September 4, 2018

About me

Prof. Eric A. Suess, CSU East Bay

I am a long time R user. Started using S in 1988. Used S+ in graduate school 1990's. Wrote a book with my co-author, published 2010. Probability Simulations and Gibbs Sampling. webpage

Continuing to evolve as an R user with RStudio.

Love using R. I teach R as a Professor. I encourage the use of R. I encourage others to encourage others to use R.

  • Joe Rickert, RStudio, BARUG
  • Gabriella, IBM, R-Ladies
  • Navdeep, h2O, autoML

Ford GoBikes Oakland

I am going to walk you through my initial analysis of the 2018 Ford GoBike data.

Goal 0: Use R and RStudio to produce a reproducible analysis and the tidyverse.

Goal 1: Replicate the station map in Oakland.

Goal 2: See if there is a difference in bike usage by women and men?

Goal 3: Try to see how the bikes are used. How far are the bike ridden? How long are they ridden?

Goal 4: Try to implement the same analysis pulling data from the GBFS API using the gbfs R package.

Ford GoBikes Oakland

Driving around Oakland in the past few years you have probably seen the Ford GoBikes.
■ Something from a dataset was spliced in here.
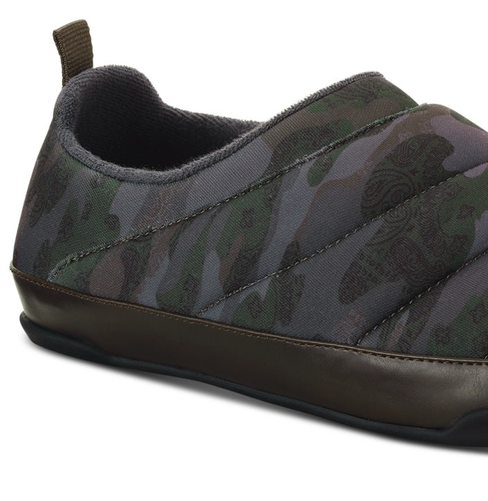 A quilted body lends the comfortable Derek slipper by Sun + Stone a more modern styling character.| Round-toe slip-on slipper| Heel pull; quilted upper| Padded collar| Polyester upper; cotton lining; rubber outsole| Spot clean| Imported

I went to the website and wanted to replicate the station map in a static visualization.

This lead me to the System Data.

And their Download for downloading .csv files.

General Bikeshare Feed Specification (GBFS)

Then I was lead to the General Bikeshare Feed Specification gbfs github.

Finally, to the R package gbfs.

First I tested out the .csv files

Lots of the same files with the same file name structure.

 fordgobike201801 <- read_csv(file="./data/201801-fordgobike-tripdata.csv")
 fordgobike201802 <- read_csv(file="./data/201802-fordgobike-tripdata.csv")

How to download them with a loop?

Ford GoBike stations

Oakland

My map of Oakland stations.

Bay Area stations

My map of Bay Area stations.

Wrangling

To make this visualization

  • had to change the type of one variable from char to int for two of the June and July, due to missing values
  • had to remove errors in the geolocation data
  • noticed some 120+ year old people, so removed them

Discoverd the R package gbfs

Further Work

This is a good start. There are many more things to do.

  • Answer some more questions about the durations of the rides.
  • I have become currius if it is possible to see how many rides start and end at the same station.
  • Make a dynamic plot of rides per month.

Thank you

Thank you Allan for the invitation.